Social justice is the final criteria and it has to be very carefully applied. An injudicious use of social justice to students when streaming will produce weak streams and deprecate the benefits of streaming. Just because a student has a legitimate reason for underperforming does not mean that in time a student will perform. Some say that streaming a class is a social justice issue in itself but watching students being unable to complete work that the rest of the class is working on and suffering self esteem issues or dumbing a class down to the lowest common denominator is not a solution to my mind.

The hardest part of establishing a stream is that it is not an exact science. A student performing at an optimum level with one teacher may not perform at all with another (this is especially true with boys). When creating a stream (especially in small class sizes) team dynamics play a large part - if you can create a team of peers and the teacher anything is possible. It's why I think traditionally the upper classes have been sought after - despite requiring the most skill to make work - they are the ones where there has been most flexibility in construction.

Changing role of senior school

Senior school, years 10,11,12 have traditionally been the home of the most experienced teachers. These teachers generally have a vast amount of experience that is tapped from time to time by other teachers when need arises, either in behaviour management, content knowledge and generally are aware of how things work, what has been tried before and how to get things done. They have the experience to guide our students through to TEE, university entry or into VET pathways where necessary.

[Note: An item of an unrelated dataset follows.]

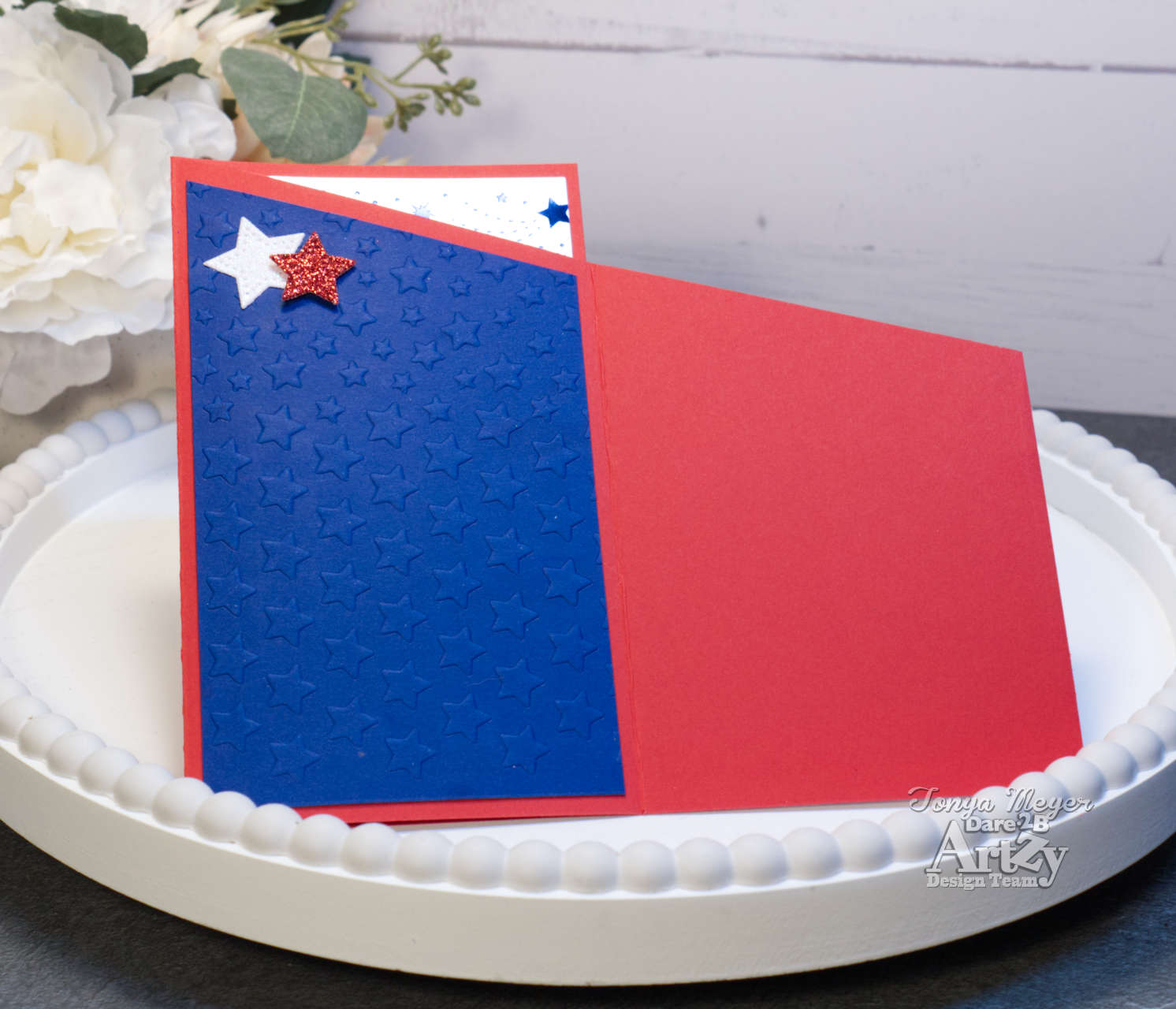 I cut the embossed panel down so that it would fit behind the front panel and have the nice embossed stars peeking out. The cut panel measured 3 ¼ x 5 ½ and then cut at an angle to match the card base with a 1/8-inch border as well.

Now I say this as an observer (as I am neither experienced, nor the most capable in senior school). I have no ambitions for a HoD role and actively promote the idea that the HoD should teach the most capable class and other senior school teachers should do an apprenticeship of sorts with mid range classes to hone technique and pedagogy first. ... and I enjoy classroom teaching too much to get involved with the admin required to do the job properly.

Somewhere along the line I think we have lost track of what senior school teachers bring to the school. We have lost our heads of department in Mathematics/English/SoSE/Science to other areas such as literacy experts and careers guidance, L3 adminstrative roles. Responsibility now for the performance of learning areas has fallen to those incapable of measuring success or failure as they may not have ever taught the subject.

An issue that is currently rising is the lack of time to complete yr 12 COS in time for the TEE exams. With 1 term lost to the exam process, it leaves only 16 weeks per semester to complete the course. A possible way to increase the amount of teaching time for COS is to use term 4 year 10 to start the COS process and to start the year 12 course a term early.

Staffing of this is a real issue because if a unit starts in term four, few teachers are willing to take on an overloaded teaching schedule to make this happen. At this time of year the temptation arises to utilise senior school staff to fulfil this role as in many cases they will be teaching these students in the following years anyway.

I think we need to resist this happening especially for our HoD's. If our best and most capable are not given unallocated time to identify and remedy issues within learning areas it is only likely that over time things will get worse. The time that they put into improving staff ability and student output is clearly underestimated and is not being adequately nurtured. It would be good to see the complete opposite occur and HoD's given the time, recognition, responsibility and pay to make things happen.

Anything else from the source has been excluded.